→ **Aim of the exercise**: Transcribe nothing but the lines from the one with "緑が飲み込む階段状の宿泊棟や" to the end of the entries, both included, keeping each exact and leaving every picture out.

→ **Data records**:
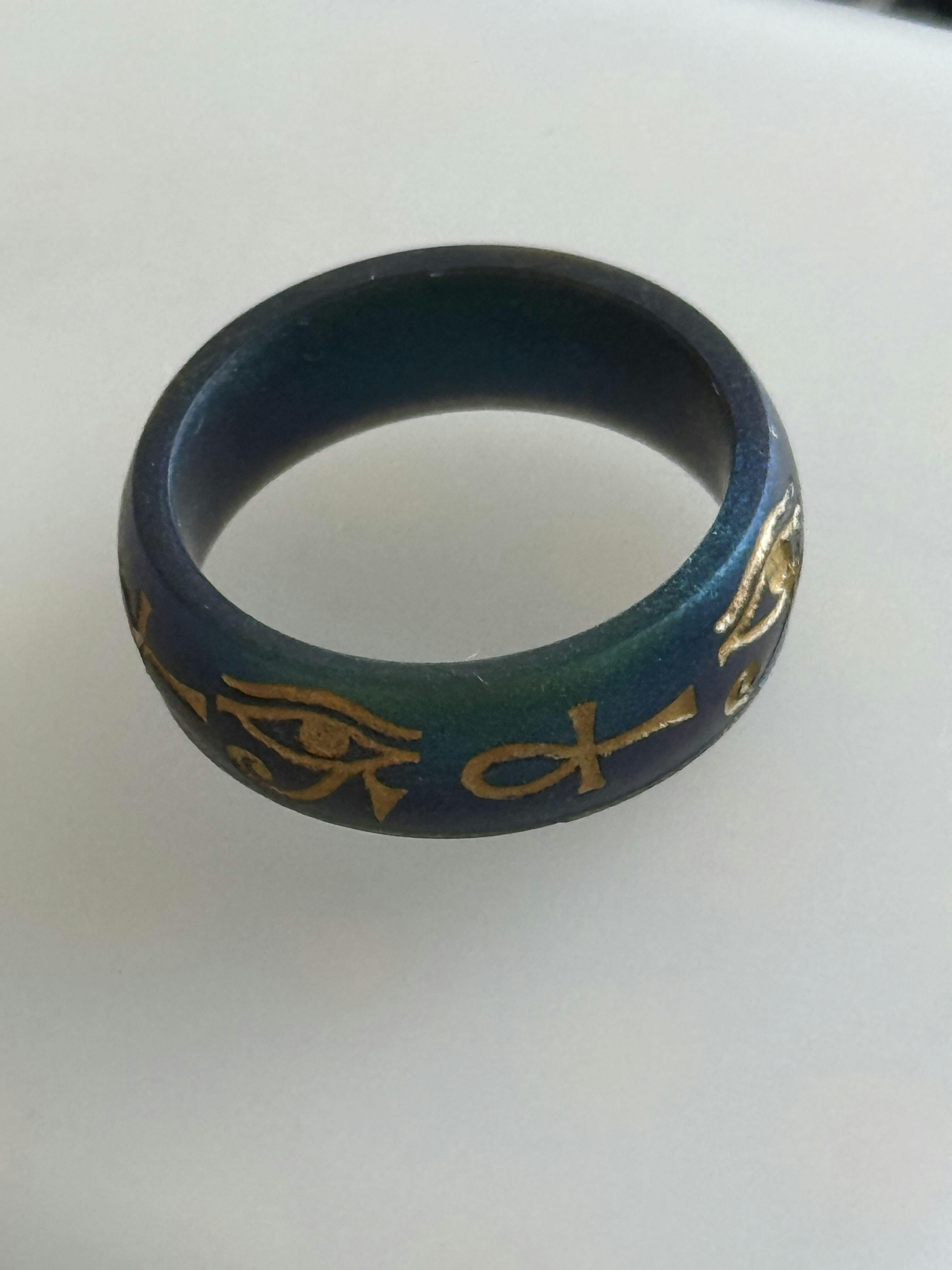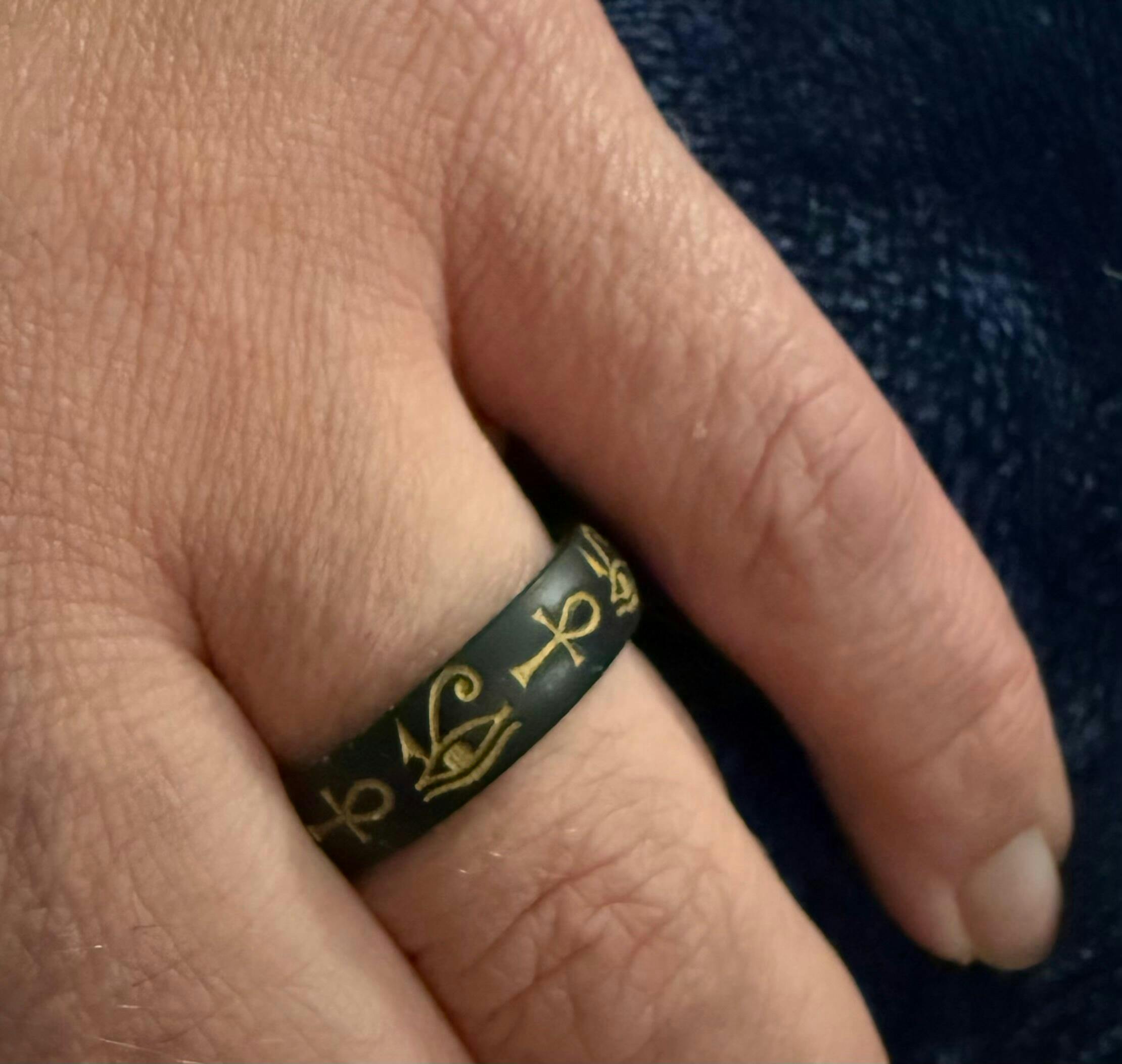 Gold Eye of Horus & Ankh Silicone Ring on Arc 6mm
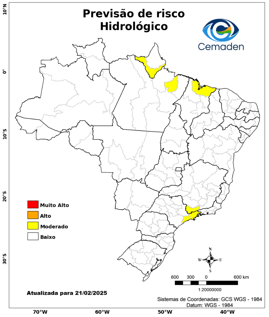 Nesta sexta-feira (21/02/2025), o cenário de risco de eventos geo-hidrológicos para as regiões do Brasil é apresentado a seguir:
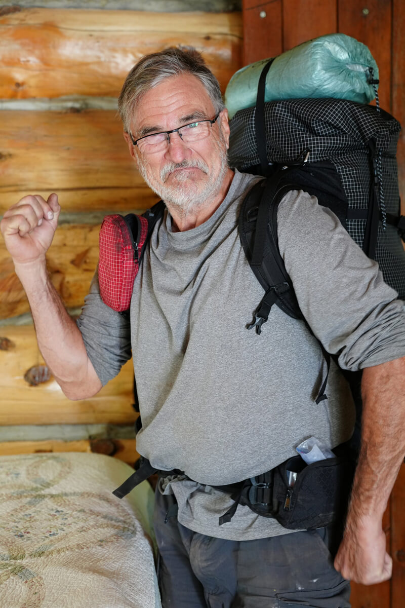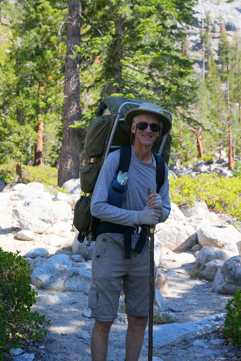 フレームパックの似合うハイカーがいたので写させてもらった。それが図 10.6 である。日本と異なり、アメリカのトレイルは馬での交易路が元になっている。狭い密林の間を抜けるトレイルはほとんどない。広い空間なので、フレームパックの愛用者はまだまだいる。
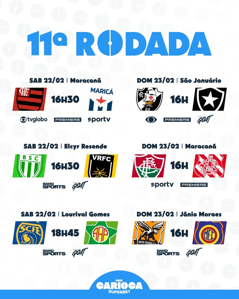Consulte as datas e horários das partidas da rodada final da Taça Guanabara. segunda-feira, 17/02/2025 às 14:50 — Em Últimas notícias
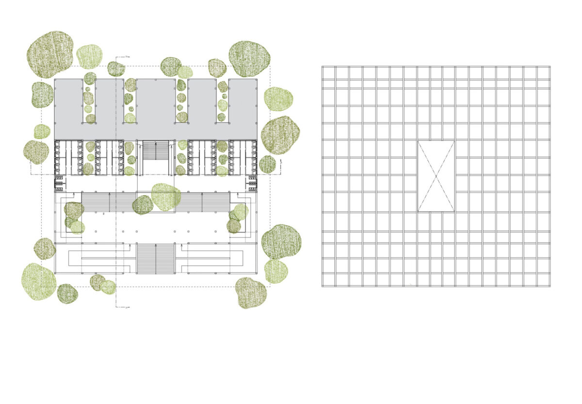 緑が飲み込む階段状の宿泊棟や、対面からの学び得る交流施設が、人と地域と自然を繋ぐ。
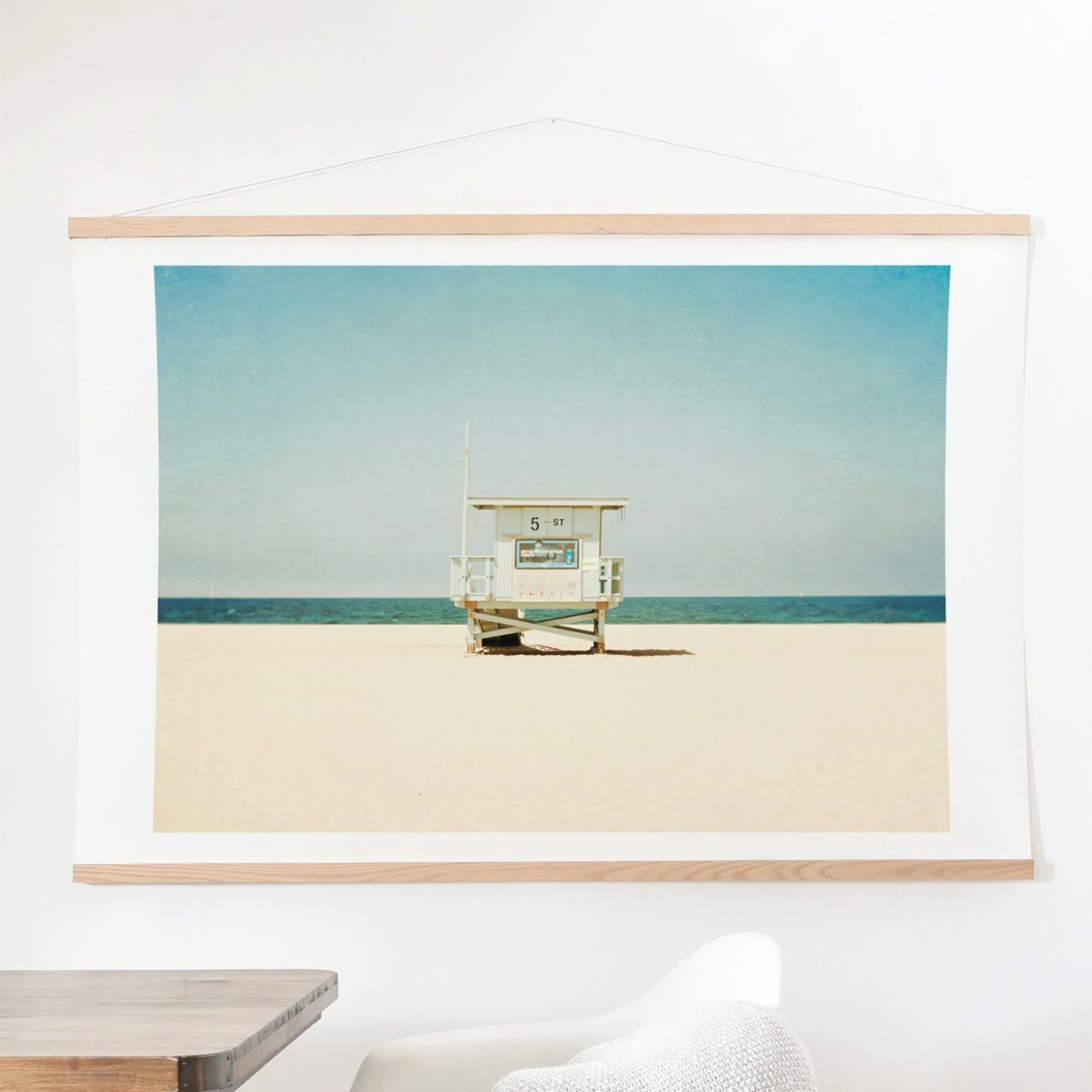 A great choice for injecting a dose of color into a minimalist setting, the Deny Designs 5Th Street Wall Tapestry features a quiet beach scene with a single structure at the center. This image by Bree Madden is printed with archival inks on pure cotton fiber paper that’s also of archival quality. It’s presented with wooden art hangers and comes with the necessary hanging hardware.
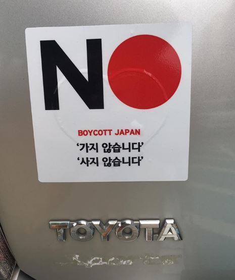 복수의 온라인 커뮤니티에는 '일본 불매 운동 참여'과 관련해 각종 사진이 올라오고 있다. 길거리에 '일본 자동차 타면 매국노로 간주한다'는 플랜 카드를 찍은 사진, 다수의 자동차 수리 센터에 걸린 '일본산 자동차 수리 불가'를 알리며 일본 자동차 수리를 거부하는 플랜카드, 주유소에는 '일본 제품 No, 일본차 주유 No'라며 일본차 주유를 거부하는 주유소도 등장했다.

→ **Written answer**:
 緑が飲み込む階段状の宿泊棟や、対面からの学び得る交流施設が、人と地域と自然を繋ぐ。
 A great choice for injecting a dose of color into a minimalist setting, the Deny Designs 5Th Street Wall Tapestry features a quiet beach scene with a single structure at the center. This image by Bree Madden is printed with archival inks on pure cotton fiber paper that’s also of archival quality. It’s presented with wooden art hangers and comes with the necessary hanging hardware.
 복수의 온라인 커뮤니티에는 '일본 불매 운동 참여'과 관련해 각종 사진이 올라오고 있다. 길거리에 '일본 자동차 타면 매국노로 간주한다'는 플랜 카드를 찍은 사진, 다수의 자동차 수리 센터에 걸린 '일본산 자동차 수리 불가'를 알리며 일본 자동차 수리를 거부하는 플랜카드, 주유소에는 '일본 제품 No, 일본차 주유 No'라며 일본차 주유를 거부하는 주유소도 등장했다.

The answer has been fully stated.